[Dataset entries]

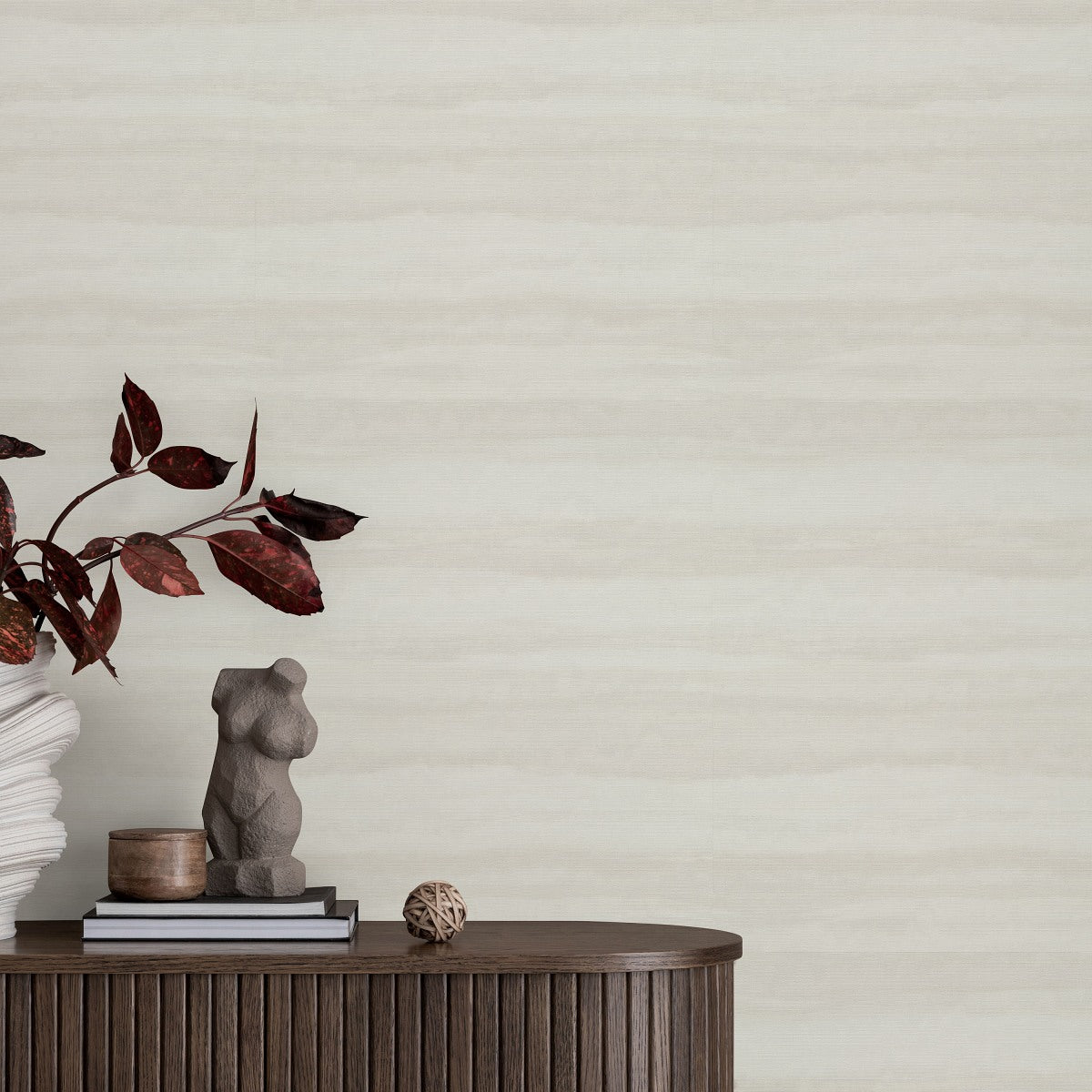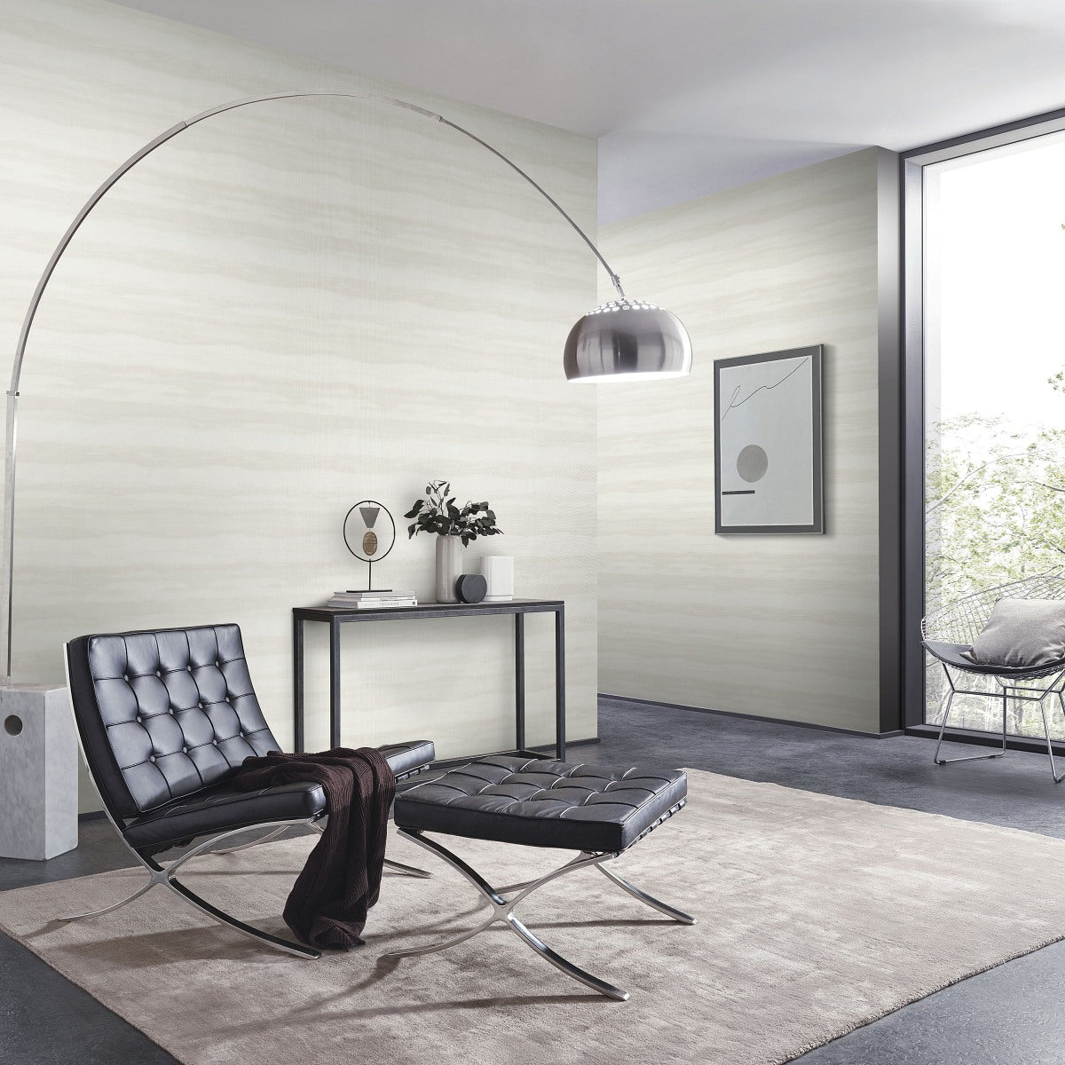 Virtaavat linjat. Hienovarainen aaltoileva rakenne kermanvärisenä, joka heijastaa hieman valoa ja antaa seinille liikettä ja keveyttä.
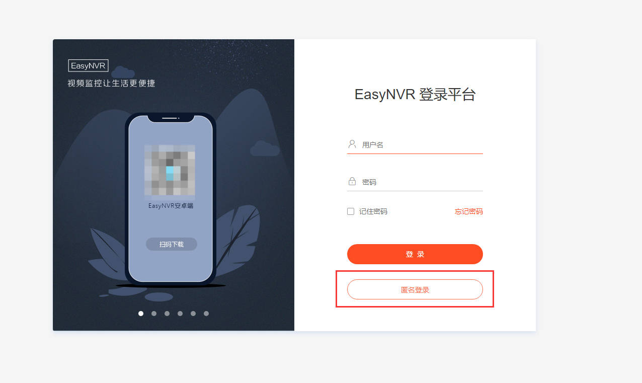 我们在此前的文章中介绍过关于EasyNVR的匿名登录功能,匿名登录情况下,用户可以直接登录平台,并且匿名登录模式屏蔽了部分功能,只提供视频直播和录像回看。
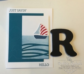I am in love with the sailboat from the Swirly Bird stamp set and Swirly Scribbles thinlets. So I decided to play with them for my card again today. I began by sponging my water onto my card stock. I then cut my waves using the Swirly Scribbles thinlits. To attach my waves I used my Tombow multipurpose glue. I stamped and cut out the pieces of my sailboat and added to my card front. I then created my layers and added my sentiment. My card was complete. Here is my finished card.
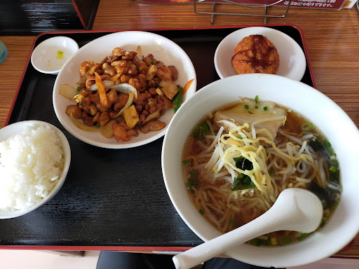 日替わりランチ(鶏肉とピーナッツ炒め)¥800、豚肉とキクラゲ炒め 定食?¥1080?頂きました。 値段に対しての量が多く、コスパで見れば間違いなく★5です。量が多く食べれない時は、ラーメン→玉子スープに変更できるので安心?それでも結構ありますが…… また、ライス1回おかわり無料(私は無理でした)とボリューム面は文句なし!ついてきたフライドチキンも骨なしで良かった。 しかし残念なところ2つほど。 1つはクオリティが低い。私は普段そんなことは気にしないけど、流石にラーメンが解れていなくて、固まったままなのは……、あと豚肉とキクラゲ炒めが9割キクラゲなのもちょい残念でした。 もう1つはメニューが不明瞭。日替わりランチメニューが入口、店内のメニュー表に分かれていて、更にランチではない普通のメニューもあるので注意! 私が頼んだ豚肉とキクラゲ炒めは、この日はランチメニューに入っていたのですが、会計したら普通のメニューのほう頼んだ?ことになってました。(内容が違うかは不明) 同名メニューで値段違うのはややこしいで、頼む時は気をつけて下さい。 メニューの不備は大きなマイナスですが、それでも★3安くてお腹いっぱい食べれ...
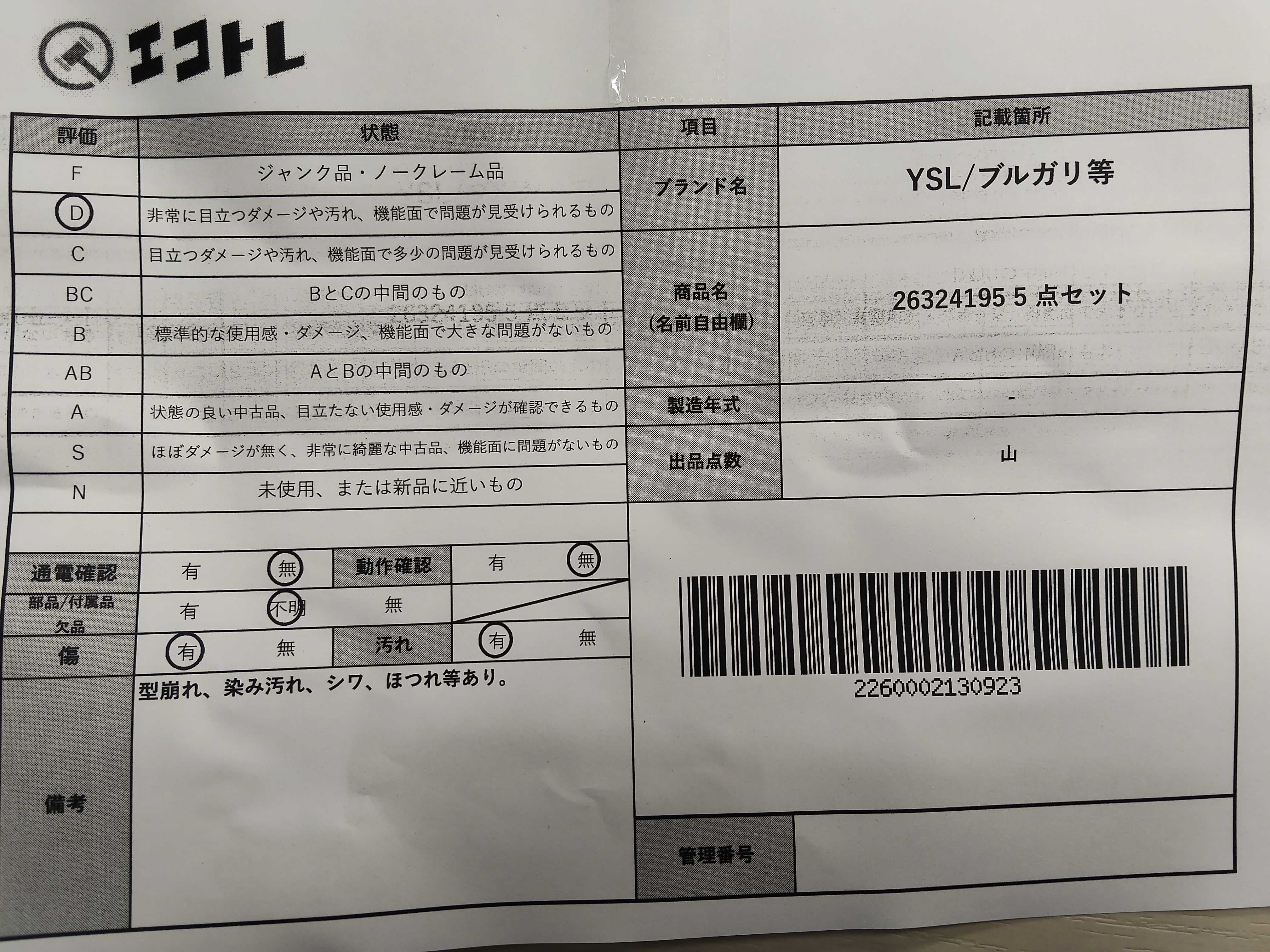商品内容によって、JITBOXなどでの発送となる可能性がございます事ご理解下さい。年式などの商品情報詳細は写真にてご確認願います。※ご入札の際はご利用規約をよくお読みになってからのご参加お願いします。","タイプライン": "", "カテゴリ": "バッグ", "形状コード": "バッグ", "付属品コード": "", "シリアル・シール・型番": ""

Required work: Copy out the entries verbatim and leave the images out.

Solution to this exercise:
 Virtaavat linjat. Hienovarainen aaltoileva rakenne kermanvärisenä, joka heijastaa hieman valoa ja antaa seinille liikettä ja keveyttä.
 我们在此前的文章中介绍过关于EasyNVR的匿名登录功能,匿名登录情况下,用户可以直接登录平台,并且匿名登录模式屏蔽了部分功能,只提供视频直播和录像回看。
I am in love with the sailboat from the Swirly Bird stamp set and Swirly Scribbles thinlets. So I decided to play with them for my card again today. I began by sponging my water onto my card stock. I then cut my waves using the Swirly Scribbles thinlits. To attach my waves I used my Tombow multipurpose glue. I stamped and cut out the pieces of my sailboat and added to my card front. I then created my layers and added my sentiment. My card was complete. Here is my finished card.
 日替わりランチ(鶏肉とピーナッツ炒め)¥800、豚肉とキクラゲ炒め 定食?¥1080?頂きました。 値段に対しての量が多く、コスパで見れば間違いなく★5です。量が多く食べれない時は、ラーメン→玉子スープに変更できるので安心?それでも結構ありますが…… また、ライス1回おかわり無料(私は無理でした)とボリューム面は文句なし!ついてきたフライドチキンも骨なしで良かった。 しかし残念なところ2つほど。 1つはクオリティが低い。私は普段そんなことは気にしないけど、流石にラーメンが解れていなくて、固まったままなのは……、あと豚肉とキクラゲ炒めが9割キクラゲなのもちょい残念でした。 もう1つはメニューが不明瞭。日替わりランチメニューが入口、店内のメニュー表に分かれていて、更にランチではない普通のメニューもあるので注意! 私が頼んだ豚肉とキクラゲ炒めは、この日はランチメニューに入っていたのですが、会計したら普通のメニューのほう頼んだ?ことになってました。(内容が違うかは不明) 同名メニューで値段違うのはややこしいで、頼む時は気をつけて下さい。 メニューの不備は大きなマイナスですが、それでも★3安くてお腹いっぱい食べれ...
商品内容によって、JITBOXなどでの発送となる可能性がございます事ご理解下さい。年式などの商品情報詳細は写真にてご確認願います。※ご入札の際はご利用規約をよくお読みになってからのご参加お願いします。","タイプライン": "", "カテゴリ": "バッグ", "形状コード": "バッグ", "付属品コード": "", "シリアル・シール・型番": ""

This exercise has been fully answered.